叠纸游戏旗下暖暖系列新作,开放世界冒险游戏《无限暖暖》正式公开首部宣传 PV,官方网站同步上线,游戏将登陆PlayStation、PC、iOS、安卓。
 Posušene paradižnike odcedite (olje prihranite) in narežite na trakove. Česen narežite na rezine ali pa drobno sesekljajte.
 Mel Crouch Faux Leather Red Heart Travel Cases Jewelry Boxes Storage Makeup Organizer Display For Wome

──────

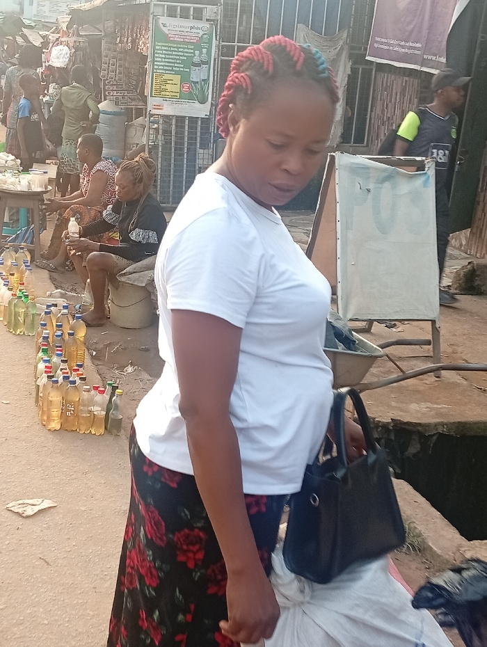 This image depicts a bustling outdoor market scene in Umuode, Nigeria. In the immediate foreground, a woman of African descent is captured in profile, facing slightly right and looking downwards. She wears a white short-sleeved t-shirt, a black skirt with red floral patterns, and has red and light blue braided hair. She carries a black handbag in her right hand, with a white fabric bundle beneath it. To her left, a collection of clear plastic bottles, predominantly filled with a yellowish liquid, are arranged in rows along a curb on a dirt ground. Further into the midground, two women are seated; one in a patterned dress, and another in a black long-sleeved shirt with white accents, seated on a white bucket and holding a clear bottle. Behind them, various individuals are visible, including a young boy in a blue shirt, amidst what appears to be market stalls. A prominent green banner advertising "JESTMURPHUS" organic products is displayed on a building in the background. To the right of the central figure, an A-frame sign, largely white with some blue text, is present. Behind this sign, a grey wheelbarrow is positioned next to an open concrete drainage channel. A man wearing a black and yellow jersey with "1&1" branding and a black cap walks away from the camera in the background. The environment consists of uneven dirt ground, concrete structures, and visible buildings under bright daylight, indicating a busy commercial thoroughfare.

──────

Within the material above, transcribe exactly the lines that run from the line holding "叠纸游戏旗下暖暖系列新作,开" through the line holding "Mel Crouch Faux".

叠纸游戏旗下暖暖系列新作,开放世界冒险游戏《无限暖暖》正式公开首部宣传 PV,官方网站同步上线,游戏将登陆PlayStation、PC、iOS、安卓。
 Posušene paradižnike odcedite (olje prihranite) in narežite na trakove. Česen narežite na rezine ali pa drobno sesekljajte.
 Mel Crouch Faux Leather Red Heart Travel Cases Jewelry Boxes Storage Makeup Organizer Display For Wome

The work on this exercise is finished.